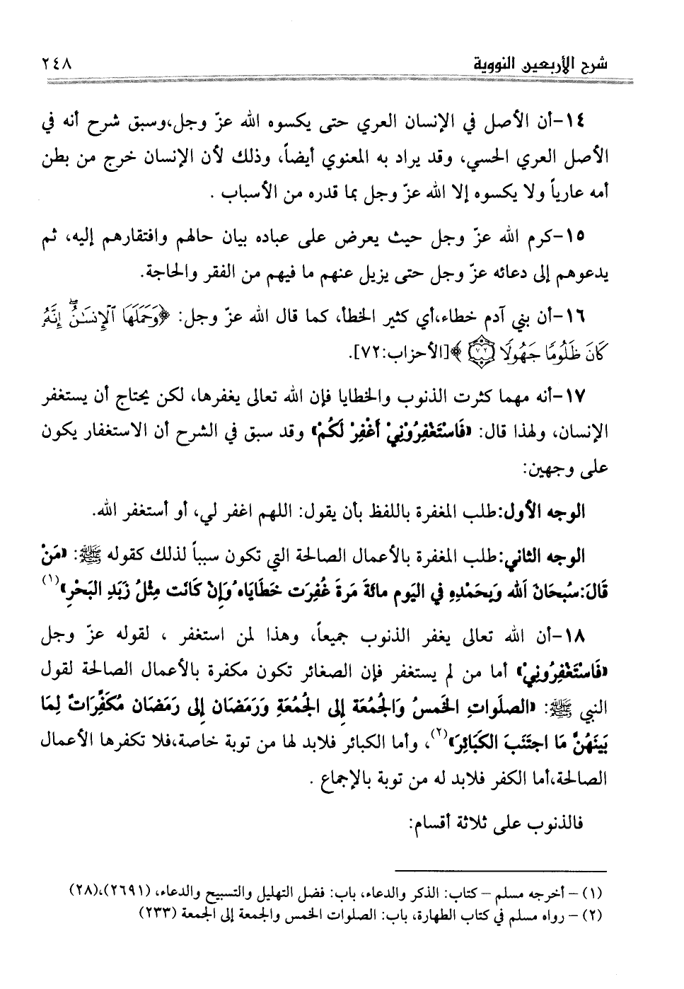 (¬2) رواه مسلم في كتاب الطهارة، باب: الصلوات الخمس والجمعة إلى الجمعة (233)
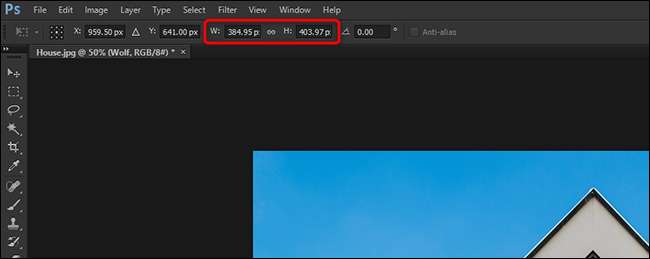 Στην κορυφή της διεπαφής Photoshop, έχετε διάφορες πλαίσια κειμένου. Εδώ, κάντε κλικ στο «W» παράθυρο και πληκτρολογήστε το νέο πλάτος στρώμα σας που ακολουθείται από «px» (χωρίς εισαγωγικά). Στη συνέχεια, κάντε κλικ στο «H» παράθυρο και πληκτρολογήστε το νέο ύψος για το στρώμα σας, ακολουθούμενο από το «px» (χωρίς εισαγωγικά).
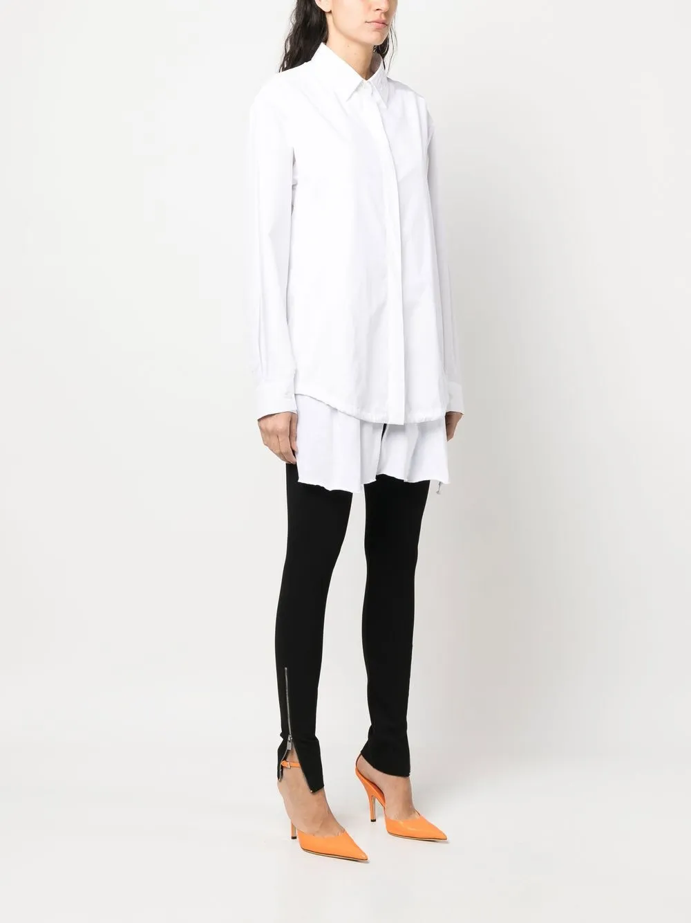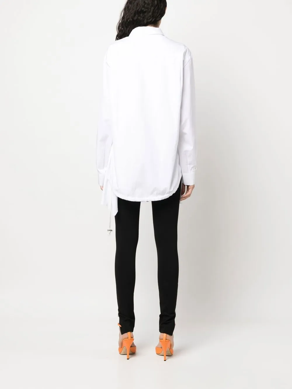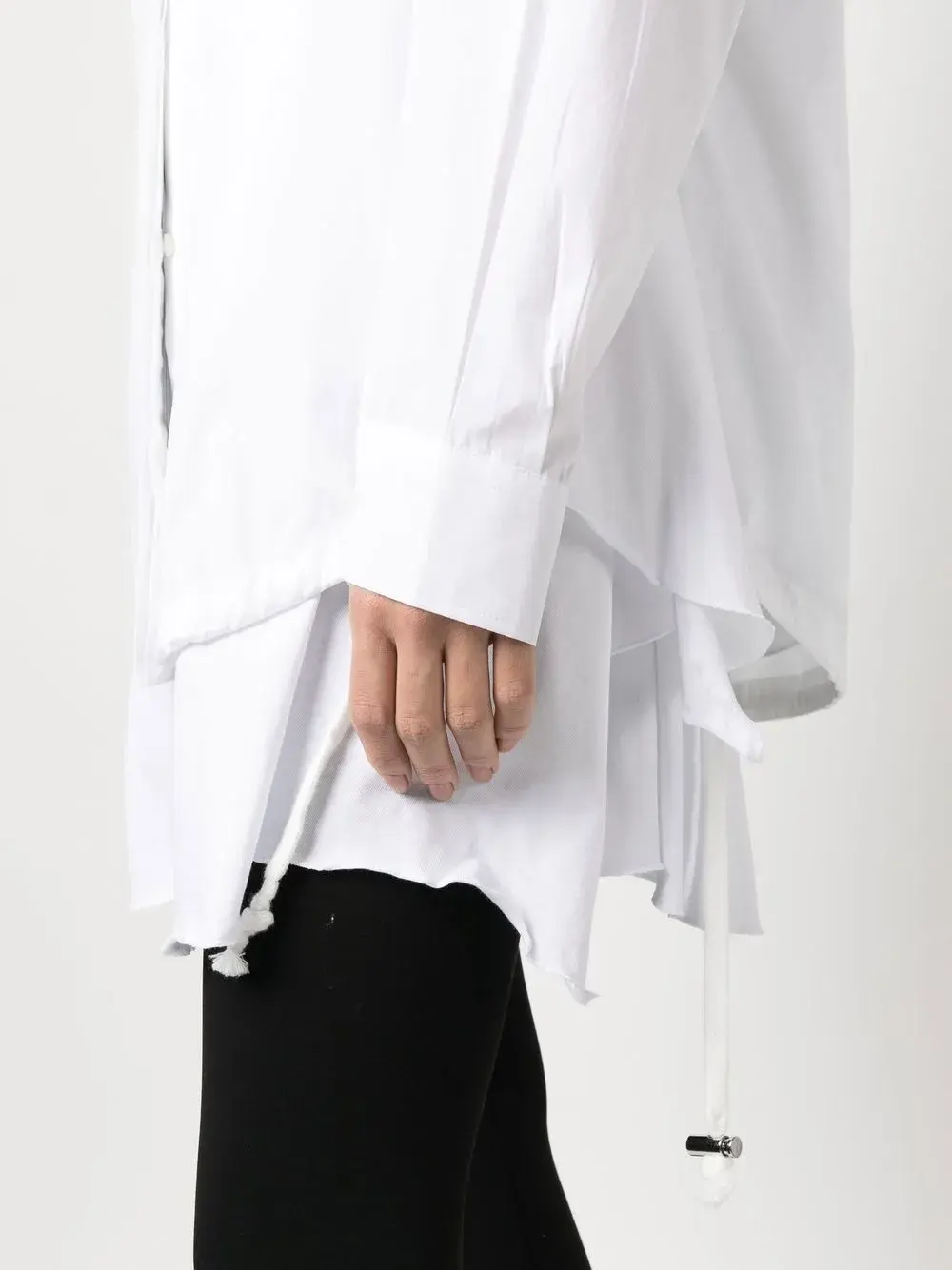 Белый, хлопок, воротник с вышитым логотипом, аппликация, классический воротник, застежка на пуговицах спереди, длинные рукава и манжеты на пуговицах.

******

WORK TO BE COMPLETED. Reproduce all of the material exactly, apart from the pictures.

TASK RESULT.
 (¬2) رواه مسلم في كتاب الطهارة، باب: الصلوات الخمس والجمعة إلى الجمعة (233)
 Στην κορυφή της διεπαφής Photoshop, έχετε διάφορες πλαίσια κειμένου. Εδώ, κάντε κλικ στο «W» παράθυρο και πληκτρολογήστε το νέο πλάτος στρώμα σας που ακολουθείται από «px» (χωρίς εισαγωγικά). Στη συνέχεια, κάντε κλικ στο «H» παράθυρο και πληκτρολογήστε το νέο ύψος για το στρώμα σας, ακολουθούμενο από το «px» (χωρίς εισαγωγικά).
 Белый, хлопок, воротник с вышитым логотипом, аппликация, классический воротник, застежка на пуговицах спереди, длинные рукава и манжеты на пуговицах.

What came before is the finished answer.